# VGA splitter



## THORNSZ (May 21, 2013)

Is there any splitters that you guys can suggest? i already looked up the Matrox TripleHead2Go, but it allows you to connect all monitors in one! For my setups i have 1 projector, 2 HD TVs and i want them to show the same exact thing. To give you an idea, here is the planned setup, i just need the right splitters.


----------



## gafftapegreenia (May 21, 2013)

So, something like this? Extron VGA & RGB Distribution Amplifiers - P/2 DA4xi


----------



## THORNSZ (May 21, 2013)

gafftapegreenia said:


> So, something like this? Extron VGA & RGB Distribution Amplifiers - P/2 DA4xi



yeah, but i dont know if it distributes the same thing separately to each screen or connect the screens into 1 picture...


----------



## josh88 (May 21, 2013)

THORNSZ said:


> yeah, but i dont know if it distributes the same thing separately to each screen or connect the screens into 1 picture...




> distributes it to four separate outputs.




> Each output is individually buffered and amplified to help maintain the original signal integrity



from their description


----------



## jonnyfive1985 (May 21, 2013)

Kramer usually has some good VGA splitters at a reasonable price at professional quality. However in a pinch i have picked up a simple VGA Splitter from Fry's and it seemed to do the job well.

Depending on what inputs your projector and video source have i might would suggest going with HDMI if possible though.


----------



## museav (May 21, 2013)

What you want is called a distribution amplifier or DA, however there may be two factors to consider. One is if you want the device to simply compensate for the loss of the split so that each output sees exactly the same thing as the input or if you want a device that can also amplify one or more outputs to compensate for associated long cable runs. The second factor is similar in that some DAs allow you to apply equalization to some or all outputs to also help compensate for the losses associated with very long cable runs.

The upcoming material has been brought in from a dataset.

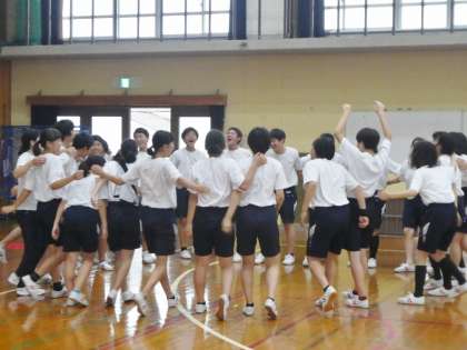 7月5日(木)の球技大会で、3年生は男女混合のバレーボールに取り組みました。

For example, if you wanted to feed a local monitor at the computer and then three destinations some long distance away then you might not want additional gain or EQ for the local output but you might want it for the long runs. Of course how you are getting the signal to the projector and displays (e.g. generic VGA cable, five wire RGBHV, VGA-over-UTP/CAT, etc.) can affect the cable losses involved and whether additional gain or EQ is appropriate, so it would help to know that information.


----------



## THORNSZ (May 21, 2013)

as for now we're using a VGA input/output for our current projector, it pretty seemed to work fine, we just need to change it for now since its all and colors and projection are starting to fade. Thank you for pointing that out, thats is pretty much out of my mind right now. On feeding the monitors/projector, i'll pretty much do the same thing -- feed them out of the VGA output from our PC. What do you think you can suggest? the distance from the stage to the sound booth where the PC is around 100+ ft...


----------